**ASSIGNMENT:** Nothing outside the lines below from the one containing "回顾在水利战线打拼的50年,她深情地表示" through the one containing "活动说明:活动期间玩家每日充" is to be printed; print those exactly, ends included, and drop the pictures.

**GIVEN RECORDS:**
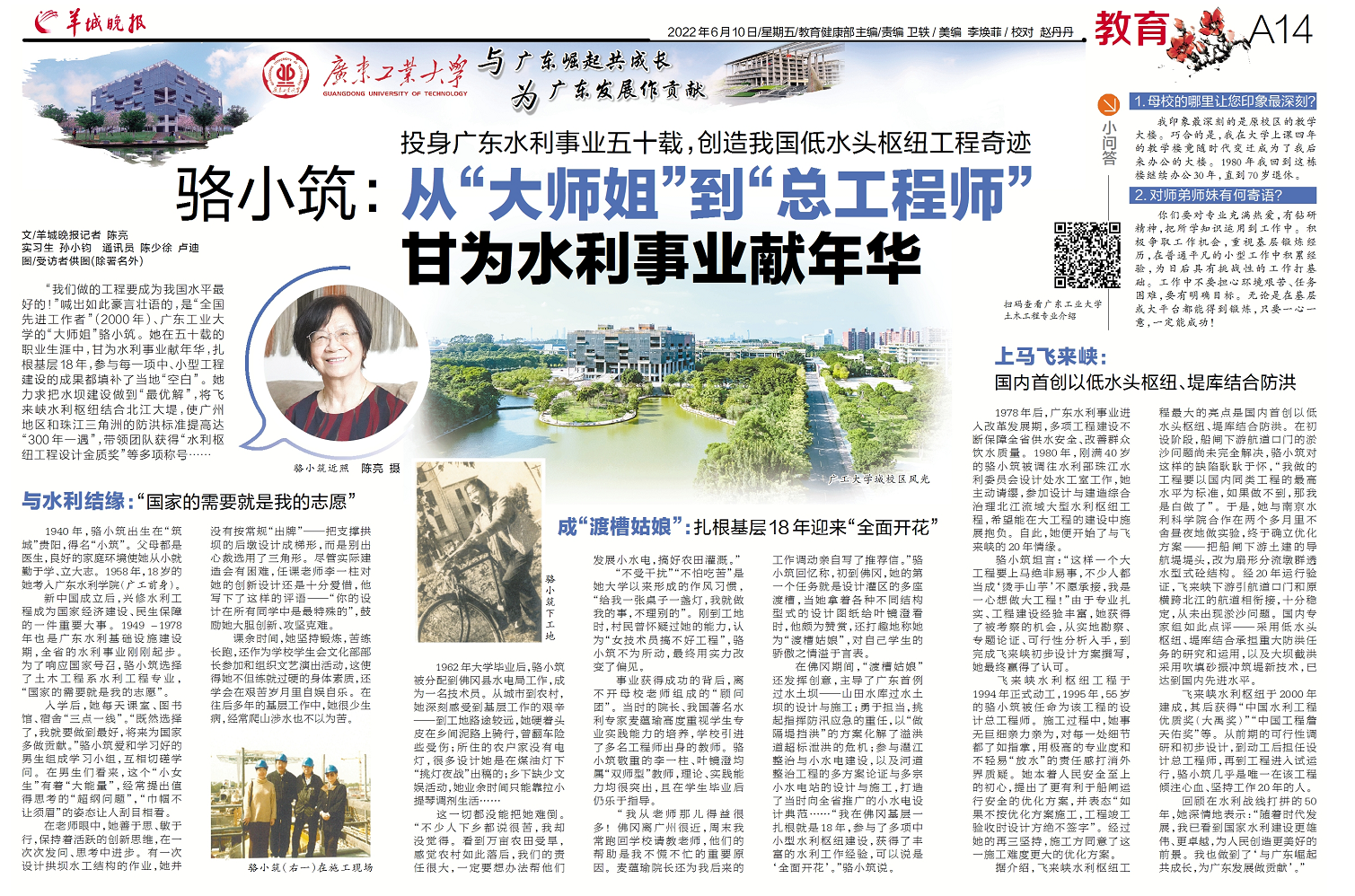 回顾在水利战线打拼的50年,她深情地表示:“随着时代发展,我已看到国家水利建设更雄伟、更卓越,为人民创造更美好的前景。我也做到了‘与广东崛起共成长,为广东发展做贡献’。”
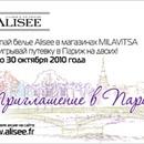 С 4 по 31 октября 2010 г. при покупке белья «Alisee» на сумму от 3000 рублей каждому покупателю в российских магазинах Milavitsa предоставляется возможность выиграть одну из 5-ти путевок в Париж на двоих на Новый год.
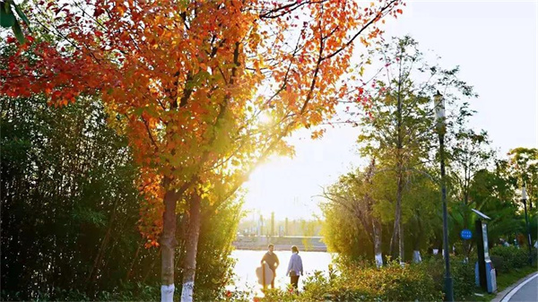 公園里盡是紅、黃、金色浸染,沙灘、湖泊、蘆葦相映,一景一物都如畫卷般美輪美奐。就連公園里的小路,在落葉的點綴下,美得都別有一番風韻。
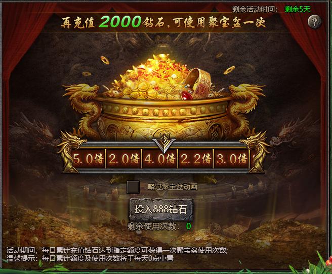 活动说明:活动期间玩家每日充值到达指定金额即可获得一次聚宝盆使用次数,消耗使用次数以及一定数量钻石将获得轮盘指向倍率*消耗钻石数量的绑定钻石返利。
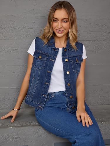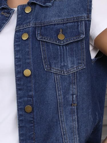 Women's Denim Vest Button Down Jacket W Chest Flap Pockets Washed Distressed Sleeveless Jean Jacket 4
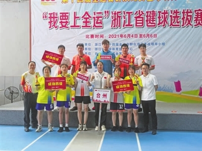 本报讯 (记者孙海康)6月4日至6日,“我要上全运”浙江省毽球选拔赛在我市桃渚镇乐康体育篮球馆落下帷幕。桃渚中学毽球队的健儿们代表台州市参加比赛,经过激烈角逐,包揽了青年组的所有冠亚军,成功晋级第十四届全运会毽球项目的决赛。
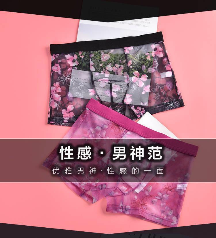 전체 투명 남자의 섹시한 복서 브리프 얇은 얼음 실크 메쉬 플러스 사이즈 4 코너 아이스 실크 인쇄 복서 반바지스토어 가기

* * *

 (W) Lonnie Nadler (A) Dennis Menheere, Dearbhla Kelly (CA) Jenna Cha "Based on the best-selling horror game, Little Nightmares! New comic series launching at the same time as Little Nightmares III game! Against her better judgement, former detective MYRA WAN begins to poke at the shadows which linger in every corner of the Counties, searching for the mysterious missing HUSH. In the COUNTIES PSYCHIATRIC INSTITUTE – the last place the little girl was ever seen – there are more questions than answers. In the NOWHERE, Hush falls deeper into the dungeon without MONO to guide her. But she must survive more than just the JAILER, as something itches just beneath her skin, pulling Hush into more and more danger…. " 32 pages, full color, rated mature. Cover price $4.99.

**RESPONSE TO THIS TASK:**
 回顾在水利战线打拼的50年,她深情地表示:“随着时代发展,我已看到国家水利建设更雄伟、更卓越,为人民创造更美好的前景。我也做到了‘与广东崛起共成长,为广东发展做贡献’。”
 С 4 по 31 октября 2010 г. при покупке белья «Alisee» на сумму от 3000 рублей каждому покупателю в российских магазинах Milavitsa предоставляется возможность выиграть одну из 5-ти путевок в Париж на двоих на Новый год.
 公園里盡是紅、黃、金色浸染,沙灘、湖泊、蘆葦相映,一景一物都如畫卷般美輪美奐。就連公園里的小路,在落葉的點綴下,美得都別有一番風韻。
 活动说明:活动期间玩家每日充值到达指定金额即可获得一次聚宝盆使用次数,消耗使用次数以及一定数量钻石将获得轮盘指向倍率*消耗钻石数量的绑定钻石返利。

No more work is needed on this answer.